The following examples, which include preferred embodiments, will serve to illustrate the practice of this invention, it being understood that the particulars shown are by way of example and for purpose of illustrative discussion of preferred embodiments of the invention.
Example-1:
Preparation of Betahistine Base:
To a 500 mL round bottomed flask equipped with mechanical stirrer, 2-(pyridin-2-yl)ethanol (38 g) and Methylene dichloride (45 mL) were charged and cooled. To this flask, thionyl chloride (48 g) was added slowly with stirring during the period of 2-3 hours at 20-30°C and the resulting mass was stirred for 2 hours at 25-30°C. After the reaction was complete, Methylene dichloride was distilled out at 35-40°C under vacuum. The resulting oily mass was washed with aq. Na2CO3 solution. The oily mass (42.2 g) and aq. Monomethylamine solution (20%, 78.6 g) were charged in a clean assembly. Acetic acid was added to this mixture till the pH 6.8-6.9 (65 g was required) and the reaction mass was heated at 70°C for 7 hours. The resulting mass was cooled. Toluene and sodium hydroxide flakes were added till the pH 12.5-13.0. The resulting mass was stirred for 1 hr. and organic layer was separated. Toluene was distilled to get the Betahistine base as an oil.
Yield: 95%
Purity by HPLC: 96%
Betahistine dimer impurity: 2.33%

Example 2:
The preparation of Betahistine was performed by reacting 2-(2-chloroethyl)pyridine with aq. Methylamine in presence of HCl, H2SO4 acids at various pH range of 5.5.-7.5 to obtain Betahistine base and further extraction of Betahistine was conducted using different organic solvents such as chloroform and MDC to assess the formation of Betahistine dimer impurity C. The results are provided in table 1.

Example-3:
Preparation of BetahistineDiydrochloride:
To a 500 mL round bottomed flask equipped with mechanical stirrer, Isopropyl alcohol (56 mL) under nitrogen purging and Betahistine base (42 g) were added at ambient temperature. Further, IPA.HCl was added and pH of reaction mass was adjusted to 2.0-2.5. The resulting mass was heated at 60-65°C with stirring, centrifuged under nitrogen and washed with IPA to get Betahistinedihydrochloride.
Yield: 92%
Purity by HPLC: 99%
Thus the present invention provides a simple and economic process for preparation of Betahistine using readily available raw materials with excellent yield and purity.
Industrial Advantages:
(i) Use of readily available raw material.
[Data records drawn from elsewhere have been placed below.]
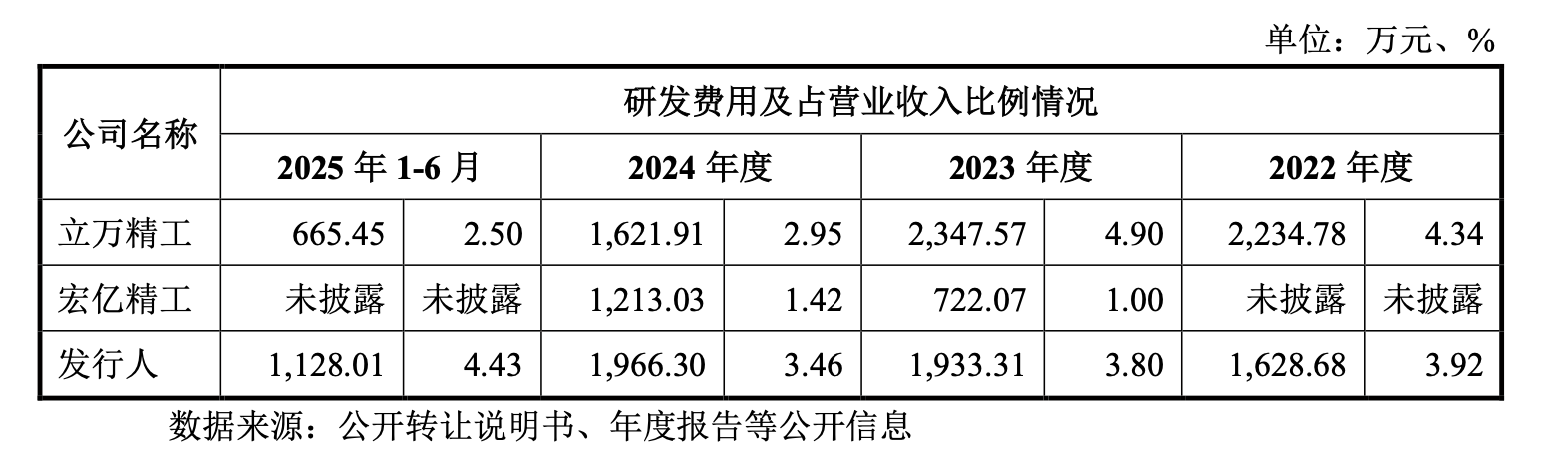 在汽车零部件行业技术迭代日新月异的背景下,永励精密却选择了“节流”研发。2022年到2024年间,公司研发费用率分别为3.92%、3.80%、3.46%,占比本就不高,却仍然呈逐年下降趋势,2024年末,研发人员数量甚至不增反减。2025年上半年,公司在研发上的投入力度较大,研发费用率达到了4.43%,研发人员也达到76人。
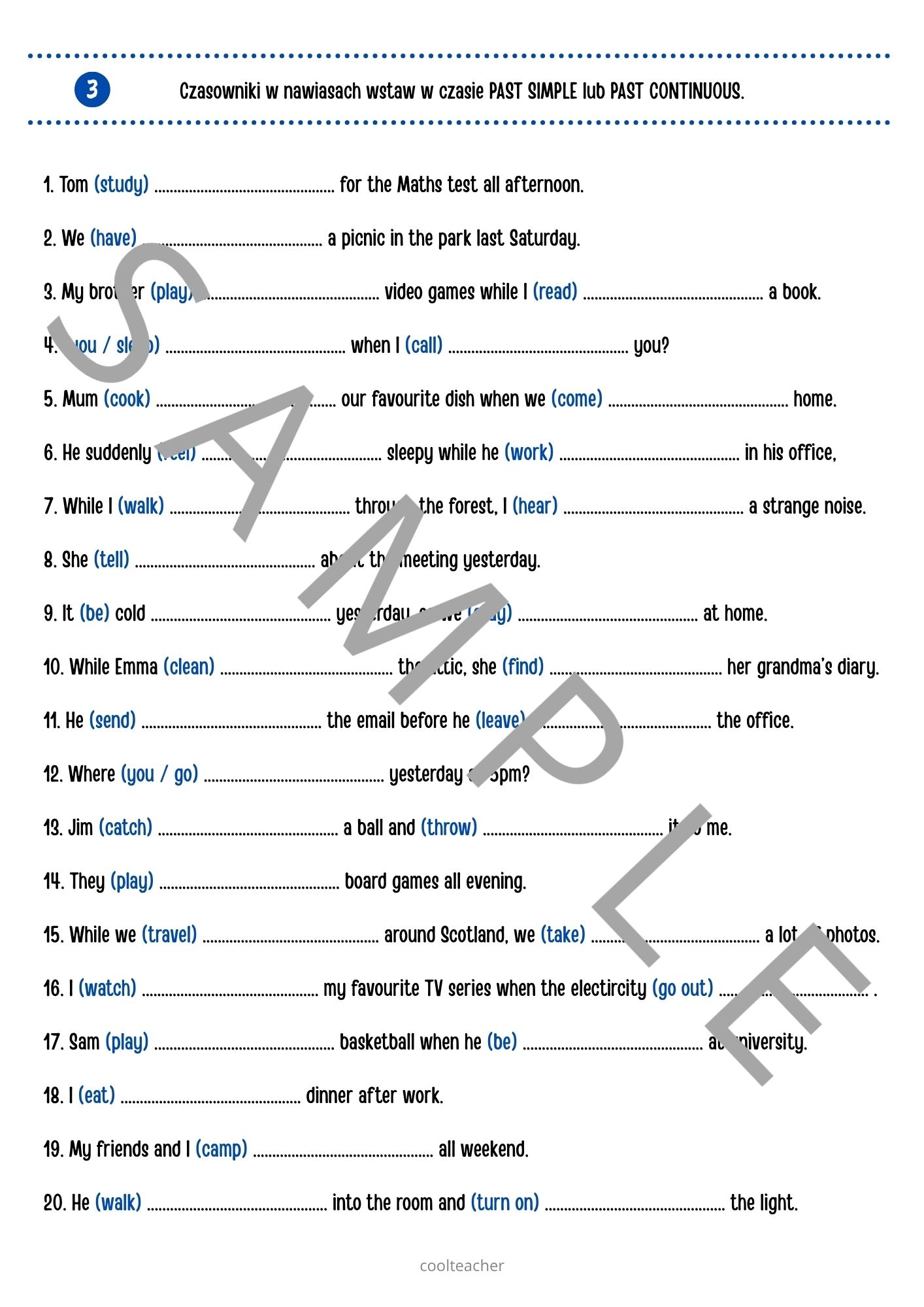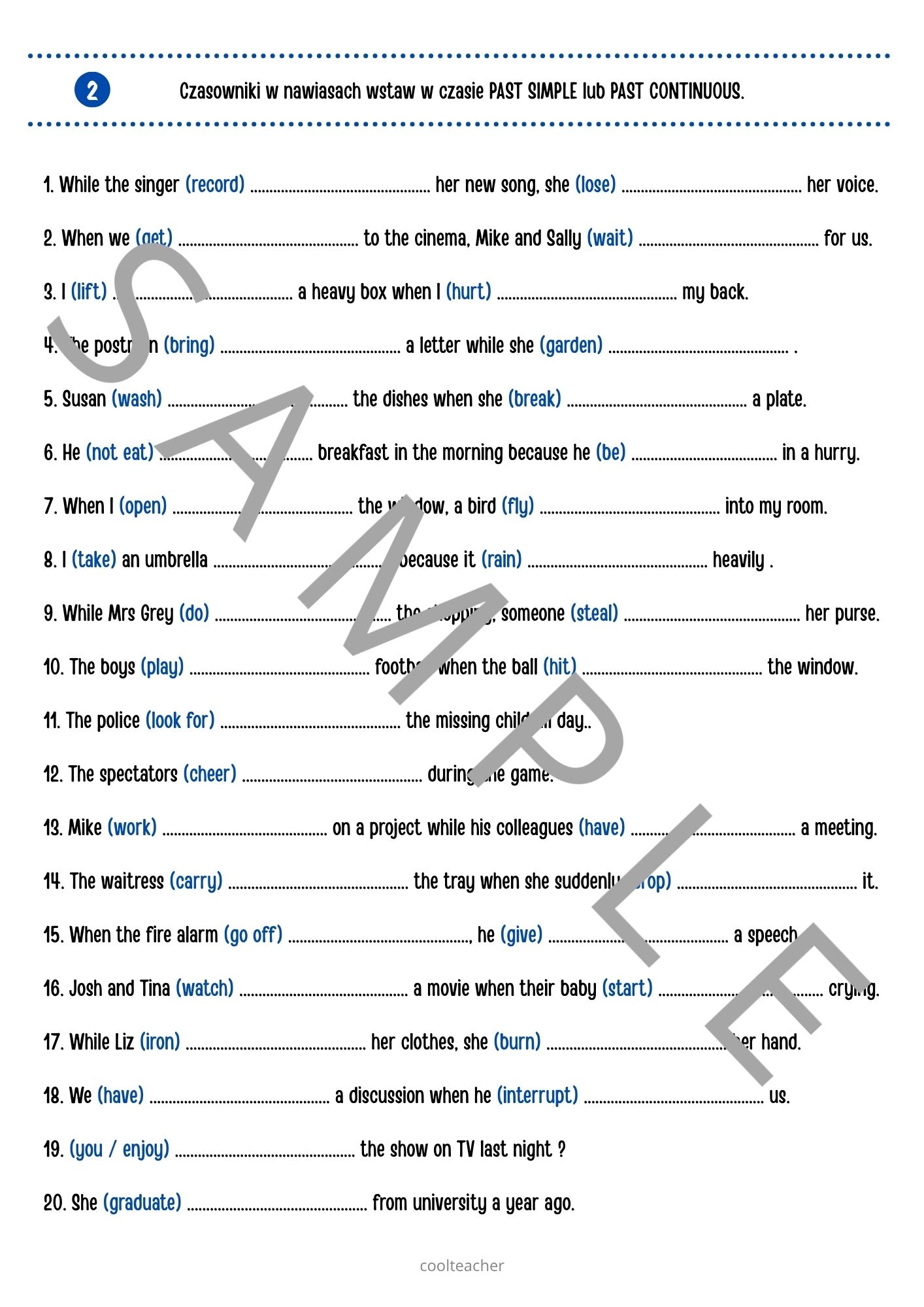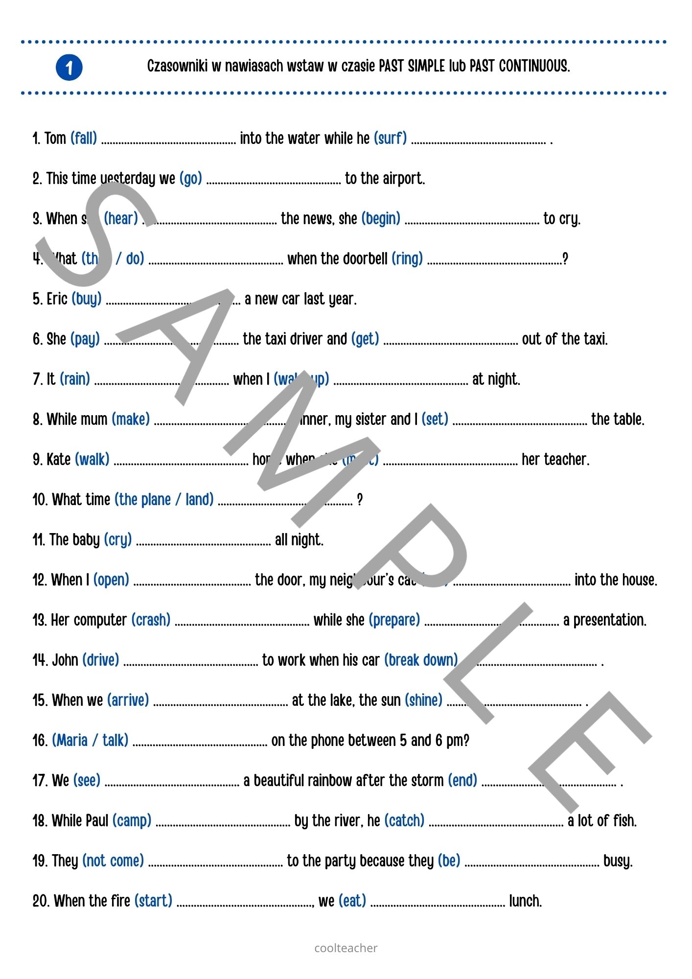 Materiał ćwiczeniowy polegający na uzupełnianiu zdań w odpowiednim czasie. Pomoże uczniom opanować umiejętność rozróżniania i stosowania czasów PAST SIMPLE i PAST CONTINUOUS.
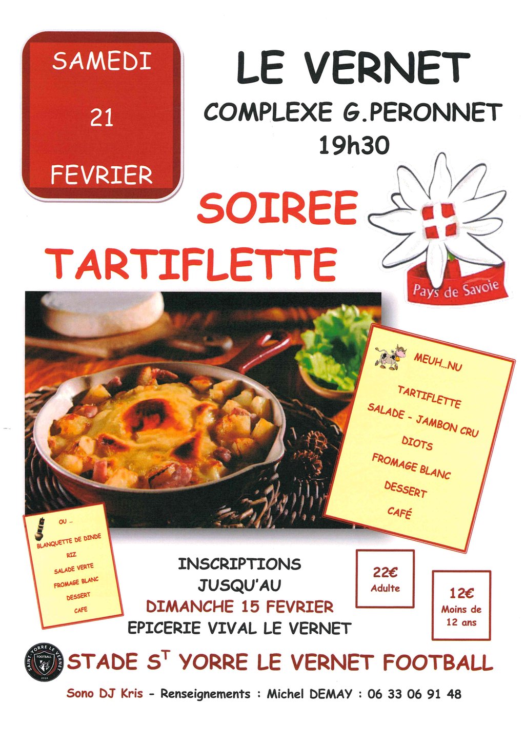 ⚽ Le club Stade St Yorre Le Vernet Football organise une soirée gourmande le samedi 21 février à 19h30 au complexe Gabriel Péronnet. Au programme : un menu complet autour de la tartiflette (ou blanquette de dinde) et une animation musicale signée DJ Kris 🎶.

(ii) Elimination of use of 2-vinylpyridine and 2-ethynylpyridine.
(iii) Devoid of costly and hazardous reagents such as trimethylsilylacetylene, sodium cyanoborohydride, etc.
(iv) No Requirement of higher pressure, temperature and special equipment.
(v) Simple process steps and easier work-up.
(vi) Higher yields and higher purity.